**YOUR OBJECTIVE**
Word for word, give the data again without its pictures.

- Opening Delimiter -

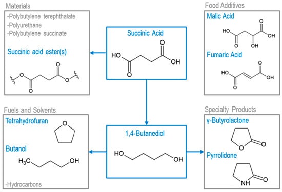 | Succinic Acid | Food additive, chemical precursor for fuels and solvents, pharmaceuticals, polymers and materials, precursor for 1,4-butanediol | USD 2–3/kg | [52,53,54] |
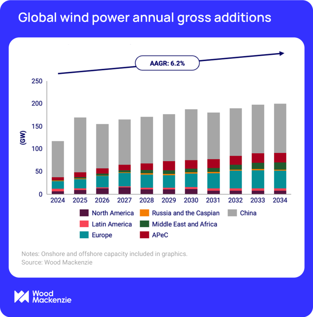 在本季度的預(yù)測(cè)中,我們將全球風(fēng)電裝機(jī)預(yù)測(cè)較上季度上調(diào)13%,主要由于中國(guó)陸上風(fēng)電市場(chǎng)預(yù)測(cè)大幅增長(zhǎng)。到2032年,全球風(fēng)電裝機(jī)容量將較2024年的水平翻倍。盡管美國(guó)等主要市場(chǎng)受政策的影響較大,但未來10年,行業(yè)仍將達(dá)到歷史性規(guī)模。在除中國(guó)外的市場(chǎng),2031年全球風(fēng)電累計(jì)裝機(jī)容量將達(dá)1TW,且到2034年全球裝機(jī)容量將較2024年水平翻倍。
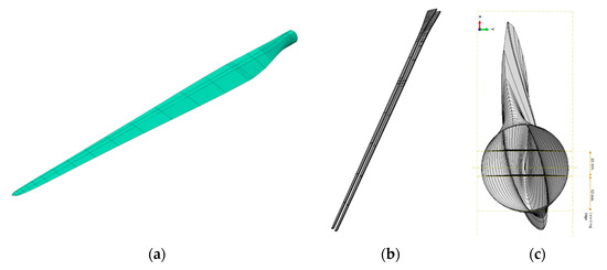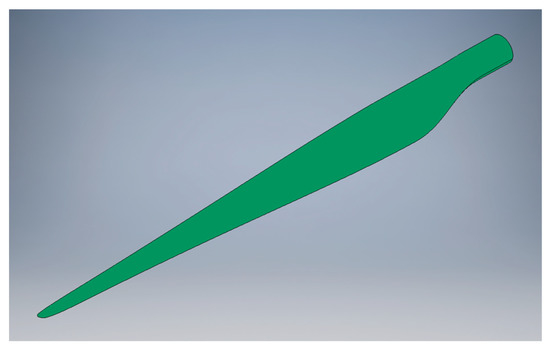 The final 3D external design of the blade is depicted in Figure 12. Two shear webs were inserted along the blade axis to enhance the resistance of the blade to buckling, and they extended from the section at a radius of 0.09 m to the section at a radius of 2.19 m. The blade structure is modeled on the commercial FE software ABAQUS CAE to build a preliminary structural model.
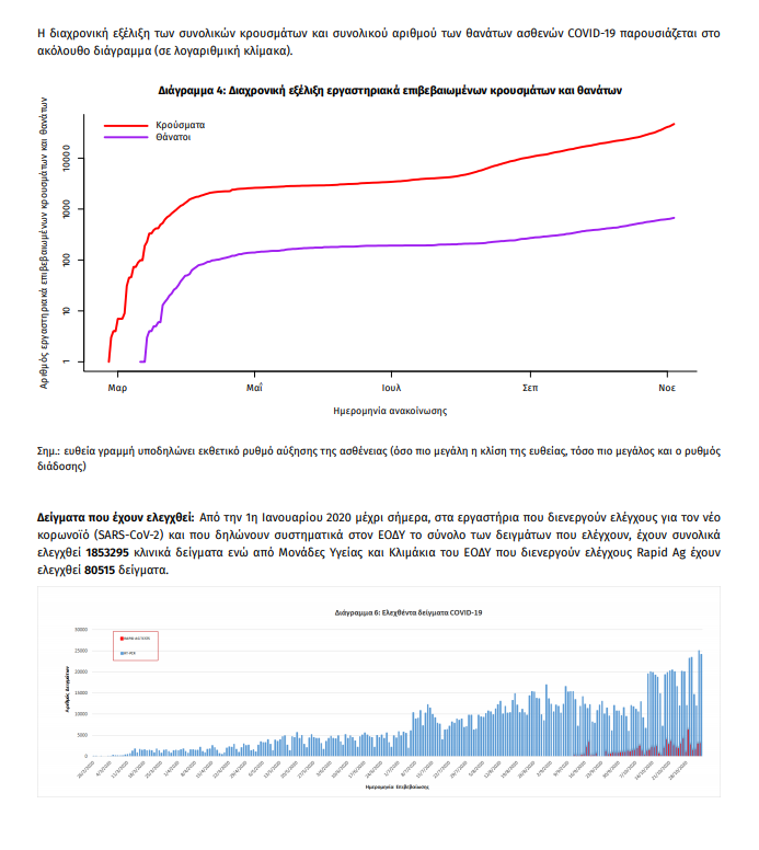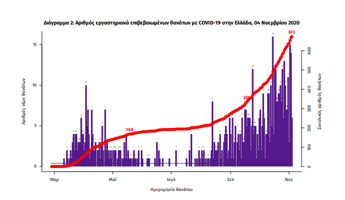 Τέλος, έχουμε 18 ακόμα καταγεγραμμένους θανάτους και 673 θανάτους συνολικά στη χώρα. 259 (38.5%) γυναίκες και οι υπόλοιποι άνδρες. Η διάμεση ηλικία των θανόντων συμπολιτών μας ήταν τα 79 έτη και το 96.4% είχε κάποιο υποκείμενο νόσημα ή/και ηλικία 70 ετών και άνω.
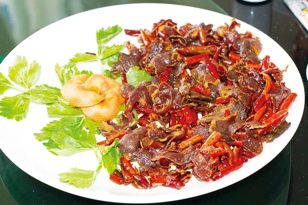 羊干巴的腌制非常講究時令,非得到冬至才能開始制作,最好的制作時節便是冬至后的一個月內。用精鹽腌制六、七天,拿出來自然風干。“我嘗試過在各個時間腌制羊干巴,但就這個時節的干巴會產生一股老干巴特有的清香。其實這是傳統的老方法, 腌干巴溫度一高就不行?!毖蚝笸冗m合制作干巴,“每只羊就那么點腿肉,有時候腌的量根本供不上賣,還會斷貨?!彪缰坪蟮难蚋砂颓斜∑?,和干辣椒溫火慢炒,色澤紅亮,肥瘦相間,膻味不重,口感酥脆,帶著不同于其它干巴的特有香味。
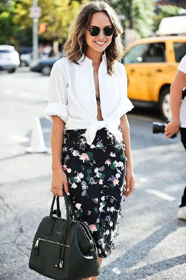 如果大家都在拼命解开衬衫领口的扣子,你不妨反其道而行之,把上面扣严,把下面解开。似乎露的更安全,却也更大胆,不过前提得把小腹修炼一下。
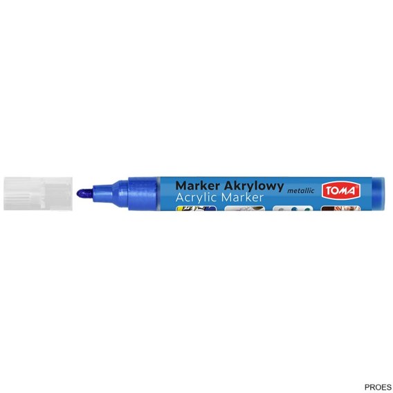 Marker Akrylowy do zdobienia i malowania po papierze, kartonie, płótnie, styropianie, drewnie i wielu innych powierzchniach. Farba akrylowa na bazie wody, nietoksyczna, nie zawiera ksylenu. Dzięki szerokiej barwie kolorystycznej, marker ten jest idealnym produktem dla artystów. Dostępny w 22 kolorach. Przed użyciem dobrze wstrząsnąć i naciskać końcówkę, aż do do wypłynięcia farby.

- Closing Delimiter -

**EXERCISE RESPONSE**
 | Succinic Acid | Food additive, chemical precursor for fuels and solvents, pharmaceuticals, polymers and materials, precursor for 1,4-butanediol | USD 2–3/kg | [52,53,54] |
 在本季度的預(yù)測(cè)中,我們將全球風(fēng)電裝機(jī)預(yù)測(cè)較上季度上調(diào)13%,主要由于中國(guó)陸上風(fēng)電市場(chǎng)預(yù)測(cè)大幅增長(zhǎng)。到2032年,全球風(fēng)電裝機(jī)容量將較2024年的水平翻倍。盡管美國(guó)等主要市場(chǎng)受政策的影響較大,但未來10年,行業(yè)仍將達(dá)到歷史性規(guī)模。在除中國(guó)外的市場(chǎng),2031年全球風(fēng)電累計(jì)裝機(jī)容量將達(dá)1TW,且到2034年全球裝機(jī)容量將較2024年水平翻倍。
 The final 3D external design of the blade is depicted in Figure 12. Two shear webs were inserted along the blade axis to enhance the resistance of the blade to buckling, and they extended from the section at a radius of 0.09 m to the section at a radius of 2.19 m. The blade structure is modeled on the commercial FE software ABAQUS CAE to build a preliminary structural model.
 Τέλος, έχουμε 18 ακόμα καταγεγραμμένους θανάτους και 673 θανάτους συνολικά στη χώρα. 259 (38.5%) γυναίκες και οι υπόλοιποι άνδρες. Η διάμεση ηλικία των θανόντων συμπολιτών μας ήταν τα 79 έτη και το 96.4% είχε κάποιο υποκείμενο νόσημα ή/και ηλικία 70 ετών και άνω.
 羊干巴的腌制非常講究時令,非得到冬至才能開始制作,最好的制作時節便是冬至后的一個月內。用精鹽腌制六、七天,拿出來自然風干。“我嘗試過在各個時間腌制羊干巴,但就這個時節的干巴會產生一股老干巴特有的清香。其實這是傳統的老方法, 腌干巴溫度一高就不行?!毖蚝笸冗m合制作干巴,“每只羊就那么點腿肉,有時候腌的量根本供不上賣,還會斷貨?!彪缰坪蟮难蚋砂颓斜∑?,和干辣椒溫火慢炒,色澤紅亮,肥瘦相間,膻味不重,口感酥脆,帶著不同于其它干巴的特有香味。
 如果大家都在拼命解开衬衫领口的扣子,你不妨反其道而行之,把上面扣严,把下面解开。似乎露的更安全,却也更大胆,不过前提得把小腹修炼一下。
 Marker Akrylowy do zdobienia i malowania po papierze, kartonie, płótnie, styropianie, drewnie i wielu innych powierzchniach. Farba akrylowa na bazie wody, nietoksyczna, nie zawiera ksylenu. Dzięki szerokiej barwie kolorystycznej, marker ten jest idealnym produktem dla artystów. Dostępny w 22 kolorach. Przed użyciem dobrze wstrząsnąć i naciskać końcówkę, aż do do wypłynięcia farby.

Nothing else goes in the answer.